By contrast with dynamic programming, a reinforcement learning agent is used when the MDP is unknown. More precisely, the state and action are known, but the agent does not know the transition nor the reward function.

## 3.1 Q-Learning

The Q-learning algorithm learns an estimate $\hat{Q}$ of $Q^*$. It does so without an MDP transition probability model: it is a model-free RL algorithm. Q-learning collects transitions $(s,a,r,s')$ following a behaviour policy $\pi^B$. For each collected transition, $\hat{Q}$ is updated as follows:

$\hat{Q}(s,a) \leftarrow \hat{Q}(s,a) + \alpha \delta$

Where $\delta$ is the temporal difference error:

$r + \gamma \underset{a'}{\operatorname{max}}\hat{Q}(s',a') - \hat{Q}(s,a)$

The behaviour policy trades-off exploration and exploitation when collecting transitions in the MDP. For example, $\pi^B$ can be the epsilon-greedy policy:

$\pi^\epsilon(s) = \pi^{\text{unif}}$, with probability $\epsilon$.

$\pi^\epsilon(s) = \underset{a}{\operatorname{argmax}}\hat{Q}(s, a)$, otherwise.

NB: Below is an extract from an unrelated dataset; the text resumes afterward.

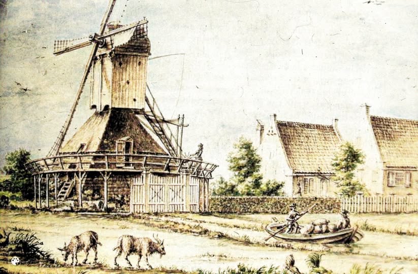 Door Piet Postma Ingekleurde tekening uit ca. 1774 van de stellingmolen van Ieme Johannes bij Zevenhuizen (Franeker). Deze molen, die als pelmolen fungeerde, was gebouwd in 1664 en is na 1779 verdwenen. ‘Een pelmolen was een type molen, waarin vroeger gerst tot gort (en later rijst) gepeld werd, om het kaf van de graankorrel te scheiden.’ (bron: […]

## 3.2 Exercise 5: Implement the Q-Learning algorithm

[Q-Learning algorithm](http://incompleteideas.net/book/ebook/node65.html)

In [None]:
def QLearning(mdp, behaviour_pol, alpha=0.1, nb_iter=int(1e4)):
    """Q-Learning algorithm"""
    Qhat = np.zeros((mdp.nb_states, mdp.nb_actions))
    list_Qs = []
    s = mdp.reset()

    for _ in range(nb_iter):
        a = behaviour_pol(s, Qhat)
        s_next, r, done = mdp.step(a)

        if done:
            Qhat[s, a] = r
            s = mdp.reset()
        else:
            # TODO: Implement TD update
            raise NotImplementedError

            list_Qs.append(Qhat.copy())
            s = s_next

    return Qhat, list_Qs

class EpsGreedyPolicy(Policy):
    def __init__(self, mdp, epsilon):
        self.mdp = mdp
        self.eps = epsilon

    def get_action(self, state, Q):
        if np.random.random() < self.eps:
            return np.random.randint(self.mdp.nb_actions)
        else:
            return np.argmax(Q[state, :])

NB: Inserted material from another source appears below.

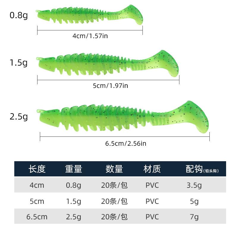 4cm/0.8g, 5cm/1.5g, 6.5cm/2.5g

Try Q-Learning to learn an estimate of the optimal state-action value function of the blackjack with dice MDP.

- Visualize $\hat{Q}$ returned by Q-Learning (use $\texttt{plt.imshow()}$). Does this Q function make sense?
- Make a plot to compare the convergence of $\hat{Q}$ over iterations for different values of $\epsilon$ and different learning rates $\alpha$.
- Compare the performance of the greedy policy $\pi^{\text{greedy}}(s) = \underset{a}{\operatorname{argmax}}\hat{Q}(s, a)$ with other policies (uniform, threshold, $\pi^*$) on 100 episodes.

In [None]:
pol_behaviour = EpsGreedyPolicy(blackjack_dice, epsilon=0.3).get_action
q, list_Qs= QLearning(blackjack_dice, pol_behaviour)
# TODO
raise NotImplementedError

# 4. Homework: Maze MDPs and Reinforcement Learning

This homework is open to interpretation and implementation. You can work in pairs.

**Deadline**: December 3rd, 2025. Send your report to [thomas.michel@inria.fr](mailto:thomas.michel@inria.fr)

### Exercise 1: Implement a Maze MDP Generator

Mazes are often used to benchmark new RL algorithms. One can think of a maze MDP as a rectangle divided into cells. Each cell is a MDP state. The upper left cell is the initial state and the bottom right is the exit. Walls should be placed at random in the MDP: this will be done by specifying a fraction of cell states that are non-accessible. There are 4 actions in a maze MDP: left, right, up, down. All state-action pairs give a 0 reward, except a state-action pair that leads to the exit (terminal) state in the bottom right cell.

- How to make sure that a generated maze can be exited? You can try checking $V^*(s_{start}) > 0$ for instance.
- Your Maze MDP generator should take as arguments: a width, a height, and a fraction of cell walls. $|S| = \text{width} \times \text{height}$.

### Exercise 2: 3-Page Report on Q-Learning Performance

Present the performances of Q-Learning on maze MDPs:

- Check that your learned Q functions make sense on some examples.
- Compare eps-greedy policy and softmax behaviour policy.
- Try changing the parameters of those policies, as well as the size and difficulty of the maze MDPs. What can you observe? Can you explain it?
- Can you suggest/implement improvements to the algorithm?

**Note**: In general, describe your experiments and do not put too many figures (choose a few convincing figures) and then describe what you observe and try to understand if it makes sense.